As The THES reported last week, the QAA this week published a report confirming that after carrying out confidential reviews of 33 foundation degree courses in 2003, it had given "no confidence" judgements to four (12 per cent).

But it has emerged that one course, judged to be failing earlier this year, has now had the all clear. The reports on the other three courses have not been completed, so no formal judgement has been reached.

In its report for the Higher Education Funding Council for England, the QAA presents an overview of its findings from 33 confidential reviews of the fledgling courses.

It does not name the four courses found to be failing, but The THES understands that they are Anglia Polytechnic University's ophthalmic dispensing course, Liverpool John Moores University's foundation degree in construction, Hull University's teaching support foundation degree and Birkbeck College's foundation degree in information technology.

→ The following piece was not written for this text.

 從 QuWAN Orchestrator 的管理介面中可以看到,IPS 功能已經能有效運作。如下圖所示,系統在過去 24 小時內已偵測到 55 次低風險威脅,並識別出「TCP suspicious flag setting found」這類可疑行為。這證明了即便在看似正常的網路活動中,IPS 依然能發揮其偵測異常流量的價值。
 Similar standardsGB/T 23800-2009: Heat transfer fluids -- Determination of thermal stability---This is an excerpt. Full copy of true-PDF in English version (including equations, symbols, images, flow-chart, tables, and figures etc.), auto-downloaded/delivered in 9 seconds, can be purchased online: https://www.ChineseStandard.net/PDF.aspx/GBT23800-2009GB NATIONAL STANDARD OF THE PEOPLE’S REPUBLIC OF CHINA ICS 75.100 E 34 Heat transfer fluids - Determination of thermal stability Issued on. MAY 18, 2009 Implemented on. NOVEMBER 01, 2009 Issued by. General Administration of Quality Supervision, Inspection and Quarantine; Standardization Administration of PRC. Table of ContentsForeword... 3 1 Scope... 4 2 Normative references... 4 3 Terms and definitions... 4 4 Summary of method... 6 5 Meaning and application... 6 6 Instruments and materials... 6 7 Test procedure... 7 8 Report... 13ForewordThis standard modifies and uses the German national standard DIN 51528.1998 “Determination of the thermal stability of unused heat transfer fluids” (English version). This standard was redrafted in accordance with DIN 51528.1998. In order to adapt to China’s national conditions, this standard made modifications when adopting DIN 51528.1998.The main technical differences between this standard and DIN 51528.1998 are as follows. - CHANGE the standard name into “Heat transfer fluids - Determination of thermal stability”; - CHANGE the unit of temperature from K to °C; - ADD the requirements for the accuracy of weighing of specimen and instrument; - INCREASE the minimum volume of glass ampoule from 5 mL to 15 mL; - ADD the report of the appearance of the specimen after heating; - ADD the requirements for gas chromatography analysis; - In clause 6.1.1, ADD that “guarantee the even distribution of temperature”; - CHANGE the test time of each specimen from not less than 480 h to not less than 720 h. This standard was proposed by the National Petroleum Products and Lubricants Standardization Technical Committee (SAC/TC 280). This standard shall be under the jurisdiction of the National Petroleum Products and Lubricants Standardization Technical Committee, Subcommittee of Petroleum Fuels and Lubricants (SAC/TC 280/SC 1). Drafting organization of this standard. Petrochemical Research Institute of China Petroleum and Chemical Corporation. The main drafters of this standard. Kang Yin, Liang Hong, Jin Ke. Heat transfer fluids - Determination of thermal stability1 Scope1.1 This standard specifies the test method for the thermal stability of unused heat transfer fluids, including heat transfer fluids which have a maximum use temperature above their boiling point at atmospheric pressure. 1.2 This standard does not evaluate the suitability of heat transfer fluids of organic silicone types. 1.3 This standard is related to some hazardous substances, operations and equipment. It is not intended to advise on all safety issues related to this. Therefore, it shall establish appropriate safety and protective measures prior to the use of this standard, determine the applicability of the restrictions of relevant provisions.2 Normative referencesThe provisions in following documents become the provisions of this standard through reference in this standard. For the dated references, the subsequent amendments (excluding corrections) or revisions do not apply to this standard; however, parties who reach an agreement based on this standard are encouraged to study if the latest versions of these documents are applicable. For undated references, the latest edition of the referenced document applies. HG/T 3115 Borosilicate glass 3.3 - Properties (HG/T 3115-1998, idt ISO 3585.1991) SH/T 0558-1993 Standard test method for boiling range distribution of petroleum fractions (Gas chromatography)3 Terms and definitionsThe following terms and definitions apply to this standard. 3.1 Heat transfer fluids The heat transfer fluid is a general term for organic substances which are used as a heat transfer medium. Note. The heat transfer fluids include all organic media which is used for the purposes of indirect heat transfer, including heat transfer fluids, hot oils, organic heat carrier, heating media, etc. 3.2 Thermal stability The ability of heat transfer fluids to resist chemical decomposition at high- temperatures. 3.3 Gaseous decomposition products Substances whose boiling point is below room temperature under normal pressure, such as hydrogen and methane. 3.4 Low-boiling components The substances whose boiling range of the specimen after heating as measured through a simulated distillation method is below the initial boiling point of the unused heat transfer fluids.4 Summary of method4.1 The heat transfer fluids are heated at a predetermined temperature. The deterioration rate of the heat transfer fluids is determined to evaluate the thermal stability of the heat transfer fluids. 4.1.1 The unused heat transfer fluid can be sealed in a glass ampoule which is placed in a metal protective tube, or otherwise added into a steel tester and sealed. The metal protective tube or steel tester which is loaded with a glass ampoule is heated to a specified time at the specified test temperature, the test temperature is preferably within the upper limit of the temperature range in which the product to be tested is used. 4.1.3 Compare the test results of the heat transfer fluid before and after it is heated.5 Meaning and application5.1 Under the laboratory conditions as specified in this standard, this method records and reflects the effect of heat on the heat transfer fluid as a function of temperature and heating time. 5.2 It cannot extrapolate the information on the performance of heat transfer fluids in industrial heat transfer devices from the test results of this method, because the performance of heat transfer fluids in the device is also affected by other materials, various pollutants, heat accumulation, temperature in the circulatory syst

This week, APU said its course was judged to be failing earlier this year, but after a technical issue was resolved, it had been given the all clear.

A spokesman said: "At the time of the QAA inspection we were waiting for a visit from the General Optical Council to give the course its approval.

"The QAA was made aware that the GOC was due to visit; however, without GOC accreditation the agency chose to give the course a no-confidence rating.

Following the QAA visit, the course was accredited by the GOC.

"Seven weeks after the no-confidence rating the university had resolved the GOC matter and some minor problems with the course. We went back to the QAA and the course was given the all clear."

A spokeswoman for LJMU said the review of its course was not yet complete and no conclusion had been reached. She said: "The university considers the draft report following QAA review of its foundation degree to be just that - a draft - which is still subject to amendments and discussion. This review has yet to reach its conclusion. Until then, we're not prepared to comment."

It is understood that LJMU is disputing a no-confidence judgement and demanding a reinspection on the grounds that the QAA report is not accurate.

Birkbeck and Hull also stressed that no conclusions had been reached about their courses, as the process was not complete.

Sources at two of the four institutions said there was concern that the QAA had prejudged the outcome of the reports and had prejudiced any appeal against failing judgements, but would not comment on the record.

Those outside the four universities were more open. Kel Fidler, vice-chancellor of Northumbria University, said: "It is the mark of any professional assessment or accreditation system that a report is shared with those assessed to check for factual accuracy.

"Only when points relating to accuracy have been cleared should the process of report and corrective action proceed."

Geoffrey Alderman, former quality chief of Middlesex University and academic dean of the American Intercontinental University in London, said the QAA's premature overview report had prejudiced the normal process of agreeing final reports with institutions and had prejudiced any appeals.

"I think the QAA should have held back from publication until all the appeals were heard," he said. "If I were one of the appealing institutions, I would go to the courts to try to prevent publication until my appeal was heard."

He added that the report had unfairly maligned the new qualification. "Even if an appeal is upheld, the institution will nonetheless be tainted."

A QAA spokesman denied the agency had prejudged the outcome of its review.

He said: "The review of foundation degrees has found success in the overwhelming majority of programmes visited.

"The agency's report accurately reflected the findings of peer reviewers and was published to inform the sector about current practice and contribute to the separate evaluation of the foundation degree commissioned by Hefce. In the small number of no-confidence cases, institutions have been given the opportunity to appeal to the agency's board."